As Caryn’s blood spurted across the living room, some of it spraying on Bolton, he got up and wandered over to Clint. The man didn’t react so Bolton grabbed the remote control and began turning up the volume until it was so loud Clint couldn’t help but awaken.
“Too loud,” he muttered grumpily.
When he didn’t get any response, the man rubbed his eyes and looked at the screen. It was only then that he realized his view was blocked by a shortish, pudgy man with patchy brown hair and a double chin. Bolton smiled widely, revealing front teeth desperately in need of dental work, as several of them jutted in different directions. His bright, intense brown eyes never blinked.
Then, as if a starting bell had gone off at a horse race, he leapt forward and sank the carving knife into the center of Clint’s chest. Hannah couldn’t see her foster father’s face, only the back of him as his body stiffened briefly and then sagged back into the chair. He never made a sound.

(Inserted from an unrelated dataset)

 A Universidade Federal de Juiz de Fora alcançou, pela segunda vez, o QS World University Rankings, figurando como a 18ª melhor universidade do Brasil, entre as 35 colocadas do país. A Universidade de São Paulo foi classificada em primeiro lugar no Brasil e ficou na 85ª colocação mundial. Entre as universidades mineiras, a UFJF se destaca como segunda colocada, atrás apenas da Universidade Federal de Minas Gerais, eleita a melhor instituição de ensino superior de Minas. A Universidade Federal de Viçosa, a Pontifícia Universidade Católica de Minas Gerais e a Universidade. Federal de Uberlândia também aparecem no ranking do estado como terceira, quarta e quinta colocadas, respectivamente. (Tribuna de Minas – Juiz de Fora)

Bolton looked over at her and shrugged as if to say, “I thought there’d be more to it.”
Hannah knew she should be freaking out. And she was sure that reaction would come. But in that moment after Caryn and Clint were butchered, she didn’t have much of a reaction at all. She wished she could have but it just wasn’t in her, not after everything else.
Only two months earlier, she’d gone through something equally traumatic. She and her adoptive parents had been kidnapped from their San Fernando Valley home and transported to a big mansion near downtown L.A. That time the perpetrator was an older man, likely in his fifties, and he was much less playful. Later she would learn that his name was Xander Thurman and that he was a notorious serial killer.
But at the time, all she knew was that she’d been brought to this strange house by this strange man. He tied her to a chair and made her watch as he proceeded to torture her adoptive parents. He left for a while before returning to finish what he’d started. Then a woman—Hannah later discovered she was a criminal profiler named Jessie Hunt—came into the house, apparently looking for him. He surprised and attacked her, knocking her out.
While she was unconscious, he strapped her arms to a ceiling beam. When she came to, he tortured her as well. The two of them engaged in a vicious verbal back and forth that was mostly lost on Hannah. Eventually, the woman’s quick thinking gave her the upper hand, which led to a ferocious fight that left the man dead and the woman in awful shape.
Hannah managed to free herself and get help. She didn’t remember much of the night beyond that, other than that the EMTs had to sedate her because she started to lose it. When she woke up, she was in the hospital. After questioning by multiple detectives, she was sent briefly to a group home and then to live with Caryn and Clint.
The next several months were a blur. She tried to go to school but found focusing difficult. The county got her a tutor to home school her and that went a little better. She cut her hair pixie-short so that when she looked in the mirror, she wasn’t reminded of the girl from the family photos, the photos of a family that no longer existed.
It didn’t really work. Her hair was still sandy blonde, her eyes were still green, and her long legs still made her look like a baby giraffe. She was still Hannah, whatever that meant.
Somewhere in that period, a detective came to follow up on the statement she provided the day after the attack. She repeated what happened, only this time it felt like she was reporting it from a distance, like she hadn’t actually been a participant in the events that destroyed her family.